When the sun rose Thursday morning, the Moores saw for the first time what a wreck they were — muddied clothes; clotted, bedraggled hair stuck with hay; faces blackened with grime; legs bruised and scraped. Jeff’s woolen shirt had shrunk to half its size, so it looked like a bolero. Four-year-old Margaret, the only one who had no trouble sleeping, woke up and asked, “What’s for breakfast, Mummy?”
Catherine laughed. “Help yourself to a little hay, darling.”
Geoffrey, whose bare chest was crosshatched with scratches, found a mirror in the wreckage and as the sun brightened, he began sending signals. In no time, the refugees spotted a trawler.

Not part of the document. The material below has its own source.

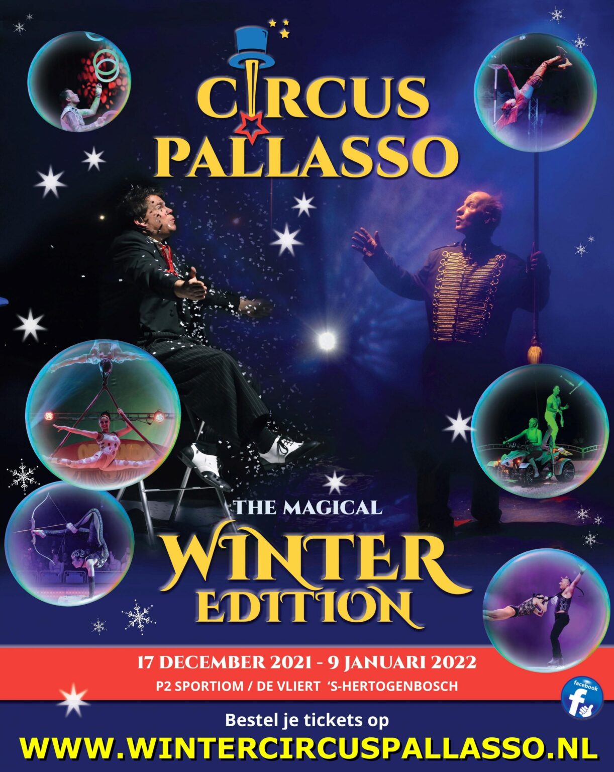 Wintercircus Pallasso strijkt van 17 december 2021 tot en met 9 januari 2022 voor een serie bruisende voorstellingen neer op P2 bij het Sportiom exclusief in ’s-Hertogenbosch: The Magical Winter Edition!

Calling and shouting, they picked their way down to the shore. Thorns and splinters pierced their bare feet, and they stepped gingerly. Old Mr. Scott, a lobster vendor from the nearby town of Avondale, was nosing his boat through the rubble. “If it had been the most palatial yacht ever to sail the seven seas,” Catherine Moore said, “it couldn’t have looked more beautiful that morning.”

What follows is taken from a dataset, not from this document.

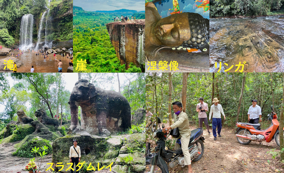 08:00ホテル出発、プノンクレーンのチケット売り場へ 08:10~09:40チケット売り場から崖まで移動、 09:40~10:00崖の見学 10:30~11:00巨大涅槃仏(Reclining Buddha) 11:10~11:40千本リンガー(Thousand Lingas) 11:50~12:30 滝(Waterfalls) 12:30~13:30の近くにあるレストランで昼食をご案内。 13:30~14:30レストランからバイクでスラスダムレイ(Srah Damrei)へ移動 14:30~15:10スラスダムレイ(Srah Damrei)の見学 16:10~18:00ホテルに戻る予定、解散。 |
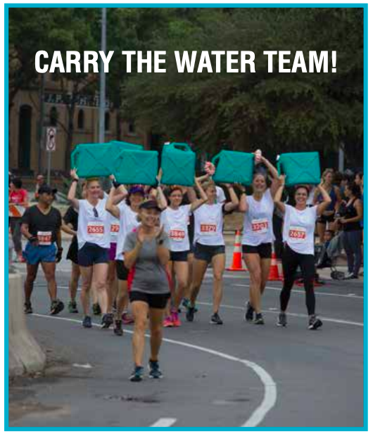 The average Burundian walks three miles for clean water. To simulate the daily journey of many Burundians, three Carry The Water teams of six people are invited to walk the 5K race route carrying water jugs weighing 30 to 50 pounds, similar to the ones used by families in Burundi.

Scott had to lower a dinghy because his lobster boat could not maneuver close enough through the shallow, wreck-filled water to reach them. It took three trips to ferry all ten. Once they were safely on deck, the Moores looked out on the empty beach that yesterday had been Napatree. Nothing remained except the old fort.
“We glanced over the bay at the place we had loved so much, the place we had often called Heaven on Earth,” Catherine said. “It just wasn’t there. A strip of sand and a few telephone poles were all that remained to mark the place that was known as the Fort Road.”
The Reckoning
T
hursday, September 22, was another perfect day. The sun was warm, the water sparkled, and the sea was back in its bed. Everywhere else was desolation. People woke up to an unfamiliar landscape. Nothing looked the same. Streets they had walked all their lives and beaches where they had learned to swim and had taught their children to swim were unrecognizable. Harbors, normally crowded with boats, were empty lakes that glistened in the sunshine. Main Streets were marinas. Boats were everywhere except at their moorings. Yachts, trawlers, sloops, barges, were beached on village greens, in backyards, on front porches, across railroad tracks. One Long Island family who lived three-quarters of a mile from any navigable water woke up Thursday morning to find five fair-size boats in the backyard.